Items from a dataset
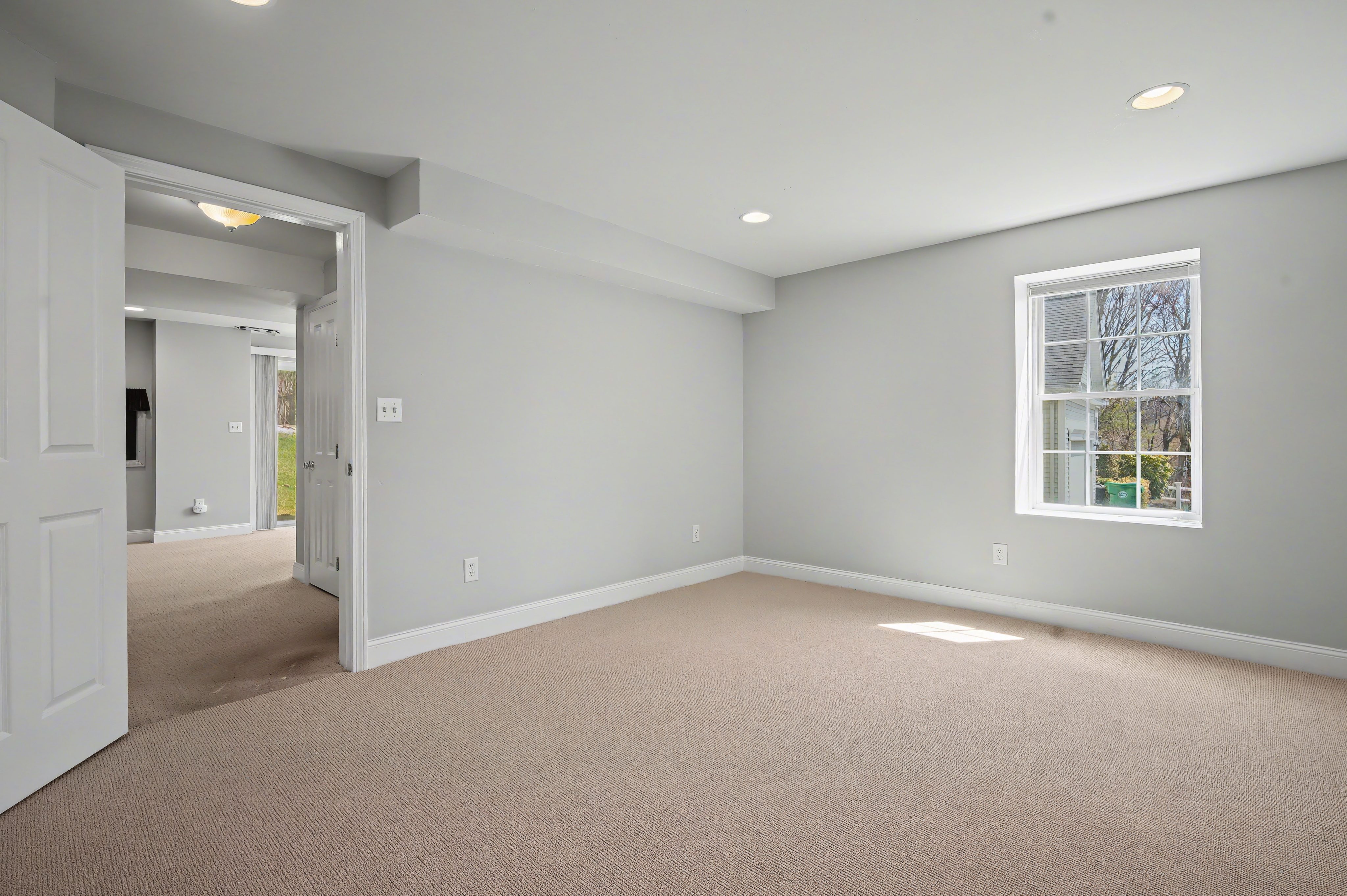 bedroom, full bath and living area in walkout lower level
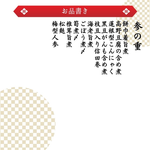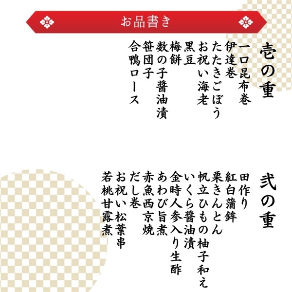 おせち「八坂」【内容】<一の重>一口昆布巻3個伊達巻3切たたきごぼう40gお祝い海老3尾黒豆45g梅餅1個数の子醤油漬3切笹団子2個合鴨ロース3切<二の重>田作り15g紅白蒲鉾3切栗きんとん70g帆立ひもの柚子和え25gいくら醤油漬3g金時人参入り生酢40gあわび旨煮2個赤魚西京焼2切だし巻2切お祝い松葉串1本若桃甘露煮1個<三の重>餅巾着旨煮3個高野豆腐の含め煮3個蓮根型こんにゃく3個黒豆がんも含め煮3個枝豆入り信田巻2切海老旨煮3尾ごぼう煮〆3個筍煮〆3個椎茸旨煮3個松麩2個梅型人参2個
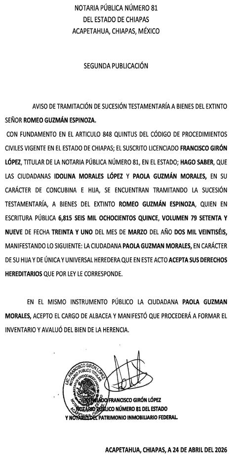 Cintalapa, Chiapas; 23 de Abril de 2026.- De última hora autoridades informaron la detención de Pablo “N”, señalado como presunto responsable del delito de feminicidio en grado de tentativa en agravio de Ana Luisa “N”, en hechos ocurridos en este municipio.
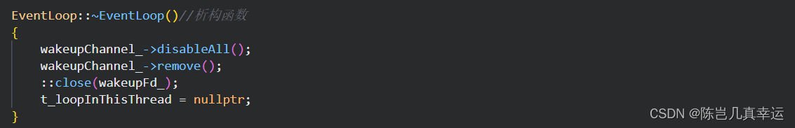 析构函数就将事件类型设置为全部感兴趣,然后把Channel从所属的EventLoop中移除,关闭fd,将t_loopInThisThread置空(防止一个线程创建多个EventLoop)。
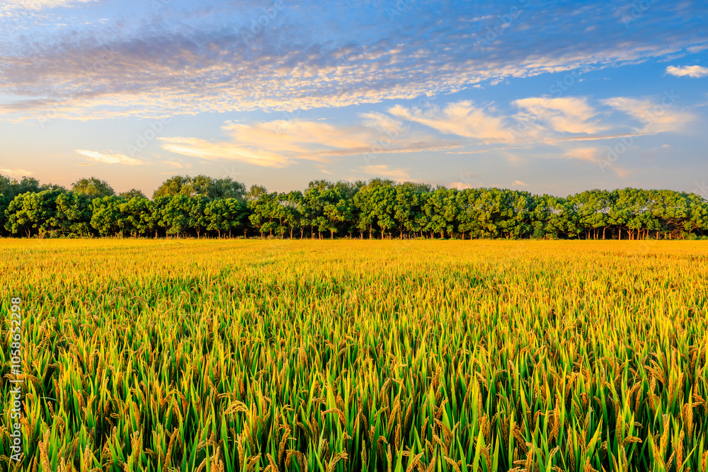 Ripe rice fields and green forest natural landscape at sunset. autumn season.
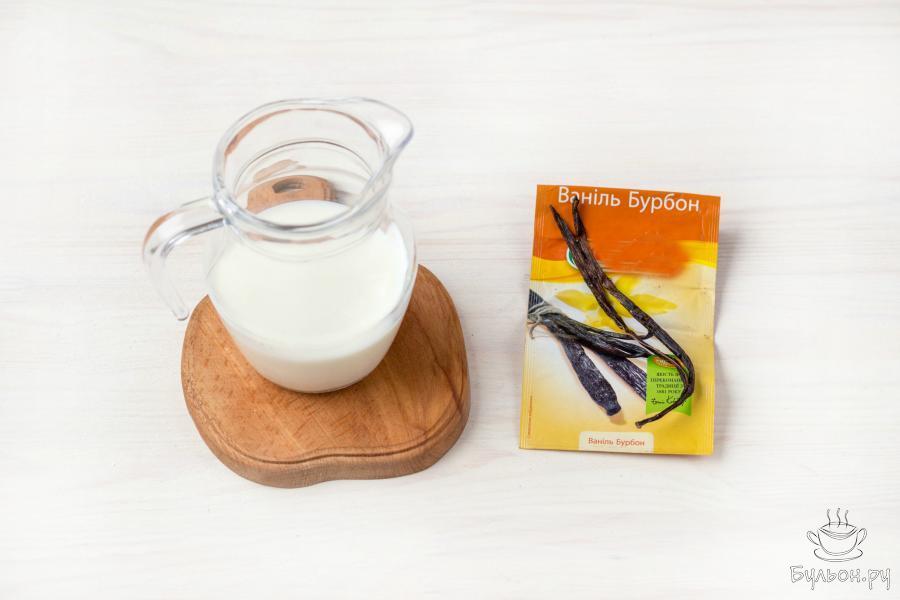 5. Соедините ваниль (или ванильный сахар, ванилин), молоко и сливки. На минимальном огне доведите смесь практически до кипения и сразу же выключите огонь. Готовить десерт можно как на основе молока, так и смеси молока и сливок, или только лишь сливок.
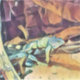 Iguana resting on a branch, it is made in painting with warm colors to enhance the rest of the little dragon.
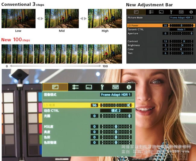 升級3.0固件之后,另一個重要的功能上的完善則是為DLA-N118、DLA-N98以及DLA-N88這三款旗艦機型提供了更佳細致入微的激光光源亮度精細調整功能,由原來只是3級亮度的調整,全面升級為可對0到100級亮度的逐級調整。這個功能顯然是為了滿足那些挑剔發燒友對于HDR觀影時更佳細致的亮度微調而準備的,可以針對自身的觀看空間光線環境,不同HDR片源所采取的不同制作亮度等級,甚至是投影幕的幕料材質差異進行精準的控制,以在每部HDR電影大片觀看時獲得最佳的觀感。
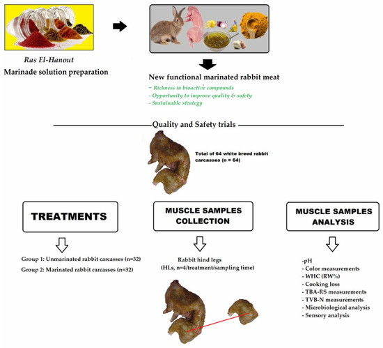 To our knowledge, information on the effects of marinade combined with Ras El-Hanout spice mix, ingredients, and seasonings typical of Algerian gastronomy, on the quality and safety of rabbit carcasses is scarce. Therefore, the purpose of the present work was to evaluate the effect of the addition of a marinade solution plus Ras-El-Hanout spice blend, on the sensory, quality, shelf life, and safety parameters of whole rabbit carcasses packed in low-O2 MAP during retail exposure at 7 ± 1 °C for 20 days. The opportunity to improve the organoleptic and microbiological quality of rabbit meat with bioactive compounds represents a sustainable strategy that could revive the rabbit meat sector and could certainly offer added value to the final product and differentiate it from the alternatives currently on the market.
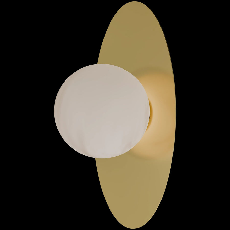 Calibo Crest Opal Glass 120mm Orb Wall Light Oval Plate 300mm | Brass
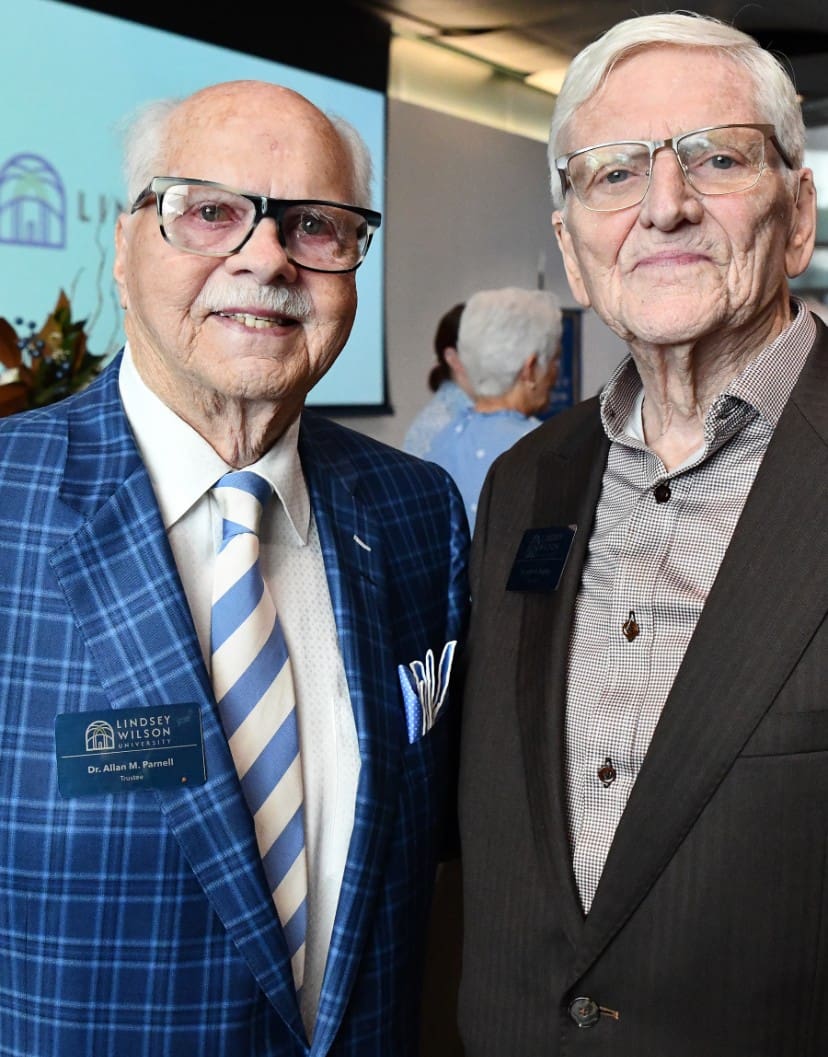 Lindsey Wilson University trustee Dr. Allan M. Parnell, left, and former Lindsey Wilson College President John B. Begley were among those who attended the Lindsey Wilson University celebration on Tuesday, July 1, at the Speed Art Museum in Louisville, Kentucky. An Adair County native, Parnell was the longest-serving chairman of the Lindsey Wilson College Board of Trustees, and Begley was Lindsey Wilson’s sixth president from 1977-97.

Exercise instructions
No pictures belong in the output. It should reproduce exactly the lines from the one containing "Cintalapa, Chiapas; 23" through the end of the data, both ends included.

Solution
 Cintalapa, Chiapas; 23 de Abril de 2026.- De última hora autoridades informaron la detención de Pablo “N”, señalado como presunto responsable del delito de feminicidio en grado de tentativa en agravio de Ana Luisa “N”, en hechos ocurridos en este municipio.
 析构函数就将事件类型设置为全部感兴趣,然后把Channel从所属的EventLoop中移除,关闭fd,将t_loopInThisThread置空(防止一个线程创建多个EventLoop)。
 Ripe rice fields and green forest natural landscape at sunset. autumn season.
 5. Соедините ваниль (или ванильный сахар, ванилин), молоко и сливки. На минимальном огне доведите смесь практически до кипения и сразу же выключите огонь. Готовить десерт можно как на основе молока, так и смеси молока и сливок, или только лишь сливок.
 Iguana resting on a branch, it is made in painting with warm colors to enhance the rest of the little dragon.
 升級3.0固件之后,另一個重要的功能上的完善則是為DLA-N118、DLA-N98以及DLA-N88這三款旗艦機型提供了更佳細致入微的激光光源亮度精細調整功能,由原來只是3級亮度的調整,全面升級為可對0到100級亮度的逐級調整。這個功能顯然是為了滿足那些挑剔發燒友對于HDR觀影時更佳細致的亮度微調而準備的,可以針對自身的觀看空間光線環境,不同HDR片源所采取的不同制作亮度等級,甚至是投影幕的幕料材質差異進行精準的控制,以在每部HDR電影大片觀看時獲得最佳的觀感。
 To our knowledge, information on the effects of marinade combined with Ras El-Hanout spice mix, ingredients, and seasonings typical of Algerian gastronomy, on the quality and safety of rabbit carcasses is scarce. Therefore, the purpose of the present work was to evaluate the effect of the addition of a marinade solution plus Ras-El-Hanout spice blend, on the sensory, quality, shelf life, and safety parameters of whole rabbit carcasses packed in low-O2 MAP during retail exposure at 7 ± 1 °C for 20 days. The opportunity to improve the organoleptic and microbiological quality of rabbit meat with bioactive compounds represents a sustainable strategy that could revive the rabbit meat sector and could certainly offer added value to the final product and differentiate it from the alternatives currently on the market.
 Calibo Crest Opal Glass 120mm Orb Wall Light Oval Plate 300mm | Brass
 Lindsey Wilson University trustee Dr. Allan M. Parnell, left, and former Lindsey Wilson College President John B. Begley were among those who attended the Lindsey Wilson University celebration on Tuesday, July 1, at the Speed Art Museum in Louisville, Kentucky. An Adair County native, Parnell was the longest-serving chairman of the Lindsey Wilson College Board of Trustees, and Begley was Lindsey Wilson’s sixth president from 1977-97.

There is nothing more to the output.